Les questions de la signature, des stratégies éditoriales et celle, sous-jacente, de la polygraphie, participent de la longévité des carrières littéraires des romancières et de la fortune de leur production. D’une part, Bernier, Senécal et Le Normand amorcent leur activité littéraire avant 1930. Deux d’entre elles (Bernier et Le Normand) poursuivent en littérature après le déclenchement de la Seconde Guerre mondiale. Leur connaissance de la vie littéraire, leur inscription durable dans les réseaux, leurs pratiques d’écriture et les lieux dans lesquels elles diffusent leurs textes leur permettent de poursuivre, selon des modalités différentes, une trajectoire dans le champ. D’autre part, Berthiaume-Denault, Chenel et Clément mènent une carrière très courte, ne maintenant pas plus de trois ans leur rythme de production littéraire, en dépit d’une réception parfois encourageante. En effet, bien qu’elle reçoive le Prix d’Action intellectuelle en 1935, Clément se retire de la vie littéraire après la parution de son second roman en 1937. À mi-chemin entre les longues carrières des unes et la brièveté du parcours littéraire des autres, Senécal et Filion centralisent les ambitions et les déceptions d’une même génération. On le verra, la trajectoire de Senécal est marquée à la fois par la fulgurance de sa reconnaissance par les pairs, et par les mauvais placements que l’écrivaine accumule dans la poursuite de consolidation d’un capital. Invisible dans le

champ, ne pouvant s’appuyer sur aucun grand acteur pour l’accompagner dans la création, Filion quant à elle ne se désespère pas pour autant. Les quatre romans qu’elle publie entre 1935 et 1941 ainsi que les communiqués de presse qu’elle adresse aux journaux, soulignent la détermination d’une auteure qui, en dépit de ses nombreuses faiblesses littéraires et sociales, consacre la majeure partie de son temps à l’écriture. Au-delà du statut d’« écrivaine mineure » qui peut lui être attribué par le récit rétrospectif, n’en demeure pas moins que les romans et la trajectoire de Filion rendent compte d’un projet d’écriture né dans le journal – et plus précisément, dans la traduction littéraire – et qui se cristallise avec la production et l’auto-édition de plusieurs romans. Un autre élément témoigne de cet acharnement de Filion à vouloir exister dans le champ littéraire.
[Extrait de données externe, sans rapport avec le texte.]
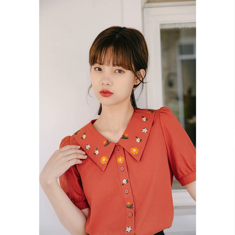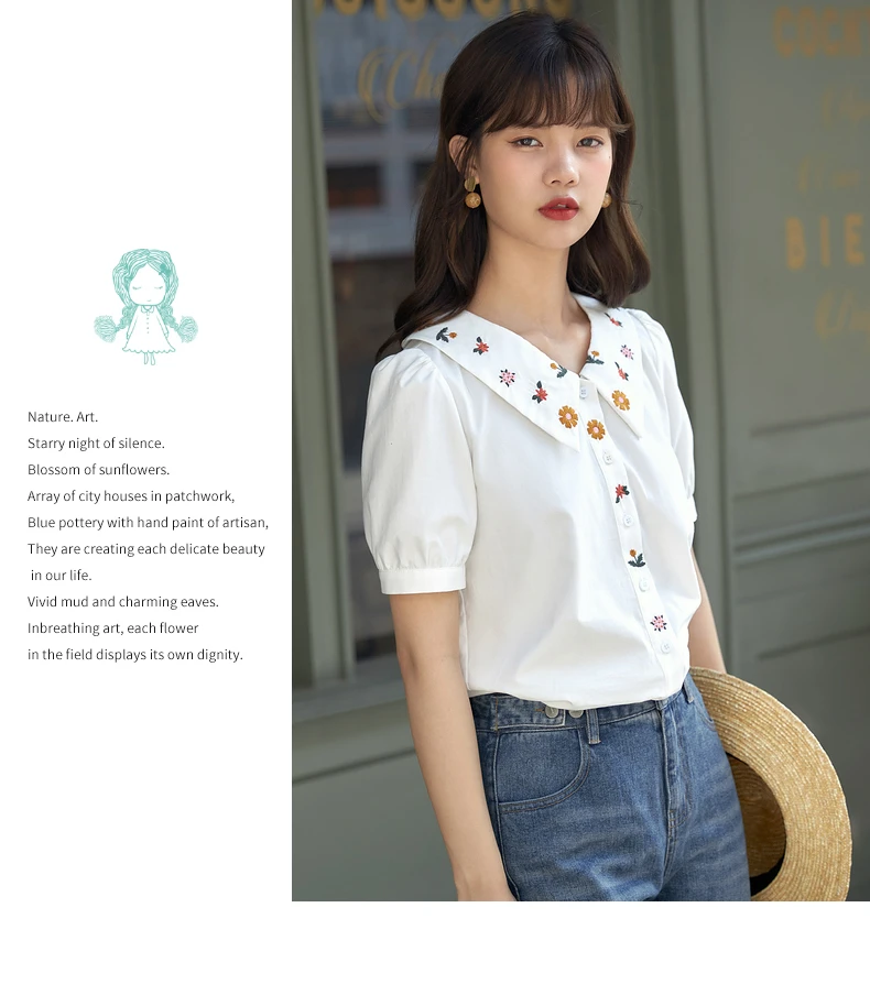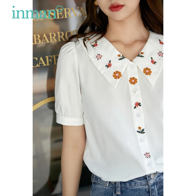 INMAN блузка женская с вышивкой, хлопковая блузка в ретро стиле, с пышными рукавами, с воротником с лацканами, с короткими рукавами, в Литературном стиле, цвет белый, красный, кардиган с пуговицами, на лето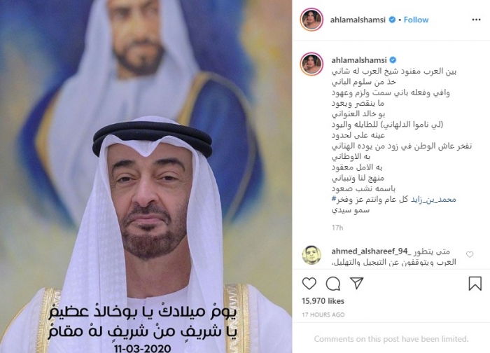 هنأت الفنانة الإماراتية أحلام، عبر حسابها الرسمي بموقع "انستجرام"، الشيخ محمد بن زايد آل نهيان، ولي عهد أبو ظبي، بعيد ميلاده.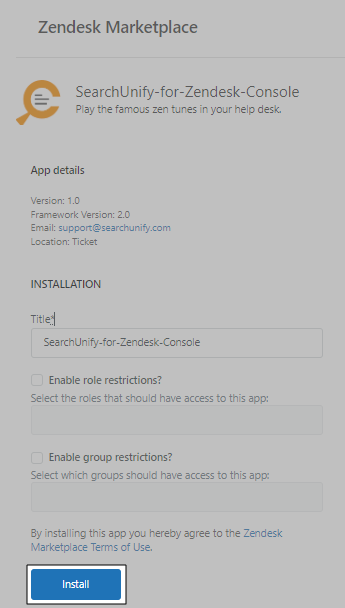 - Set up Role restrictions and Group restrictions and click Install. Setting up Role and Group restrictions is optional.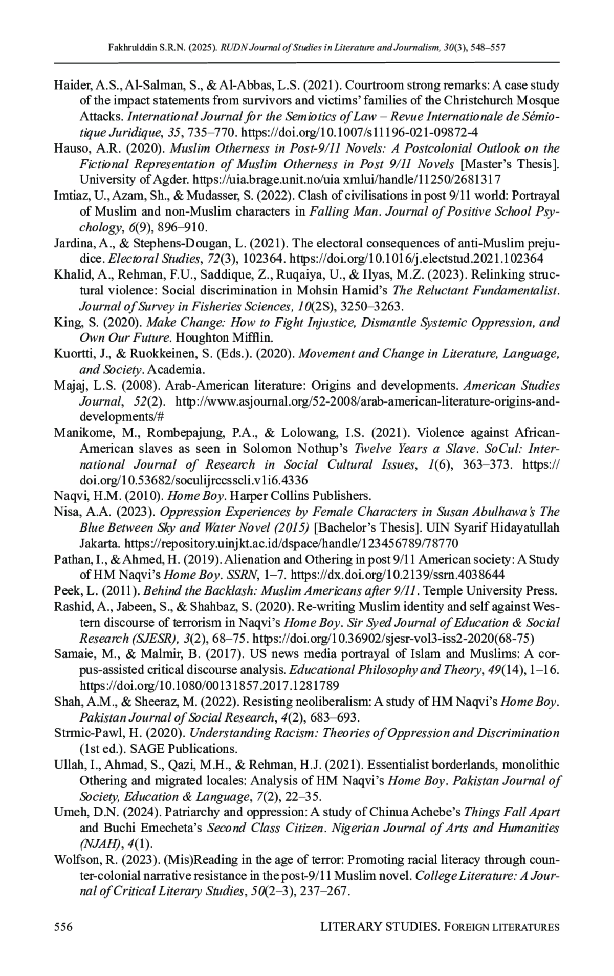 12. Hauso, A.R. (2020). Muslim Otherness in Post-9/11 novels: A postcolonial outlook on the fictional representation of Muslim Otherness in post 9/11 novels [Master’s Thesis]. University of Agder. https://uia.brage.unit.no/uiaxmlui/handle/11250/2681317.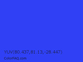 YUV 80.437,81.13,-28.447 Color is a normal blue color and the nearest color is Palatinate Blue #273be2. Hex code #3041f5 and RGB value is rgb(48,65,245). In RGB color space, this color is composed of 19% red, 25% green, 96% blue, In CMYK color space, this color is composed of 80% cyan, 73% magenta, 0% yellow , 4% black , In HSL color space, this color has a hue angle of 235° , 91% saturation and 57% lightness.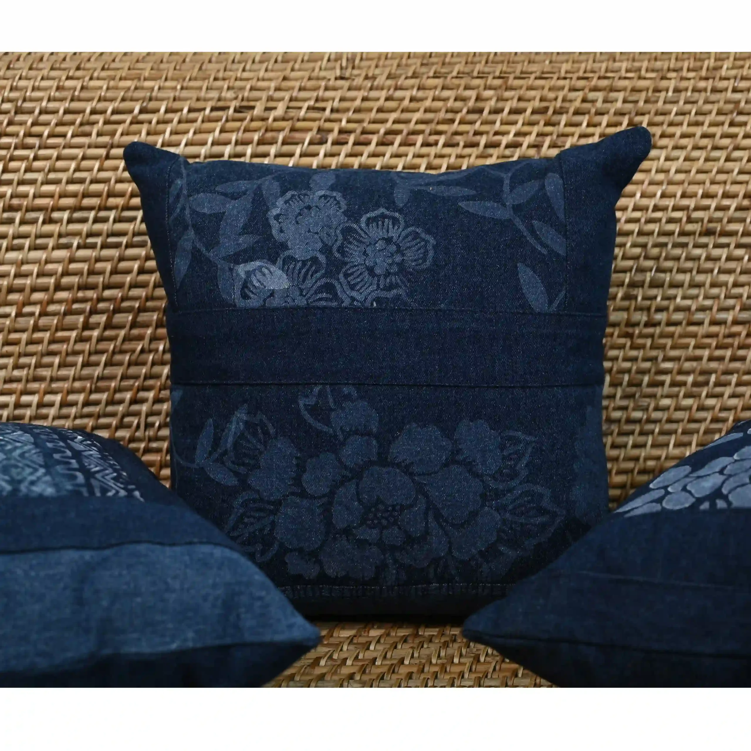 The Deep Indigo Still Bloom Throw Pillow is defined by its rich indigo tone and softly layered floral detailing. The muted patterns emerge subtly across the surface, creating depth without excess. Balanced with clean panel detailing, this pillow brings a sense of calm sophistication to living rooms and bedrooms alike. Perfect for those who appreciate understated design, natural textures, and timeless style.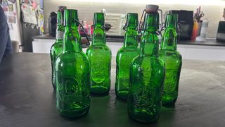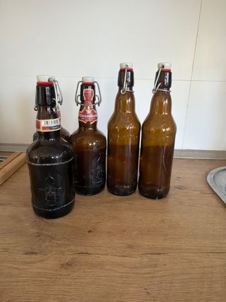 Set di bottiglie in vetro verde per birra. - Design classico con chiusura a gancio. - Ideali per conservare e servire bevande.

Dans l’espace paratextuel de chaque titre, l’écrivaine précise systématiquement qu’elle a publié un roman chez Flammarion, Ma tante Odile. L’existence de ce roman est contestable, puisque ni les catalogues de la maison d’édition française, ni les bibliothèques ne contiennent une occurrence de ce titre. Pur mensonge ou roman qui attendrait constamment d’être accepté et publié en France, Ma tante Odile révèle malgré tout les stratégies paratextuelles d’une auteure cherchant à démontrer sa légitimité aux yeux du lecteur et de la critique. Cet écart entre la faible visibilité et la relative reconnaissance des femmes dans la vie littéraire, et les efforts de placement qu’elles multiplient, y compris quand il s’agit de s’inventer une autre vie, témoigne de leurs conditions particulières de production et de réception dans le champ, tout comme il révèle l’audace des prises de position et des trajectoires, y compris celles des plus méconnues.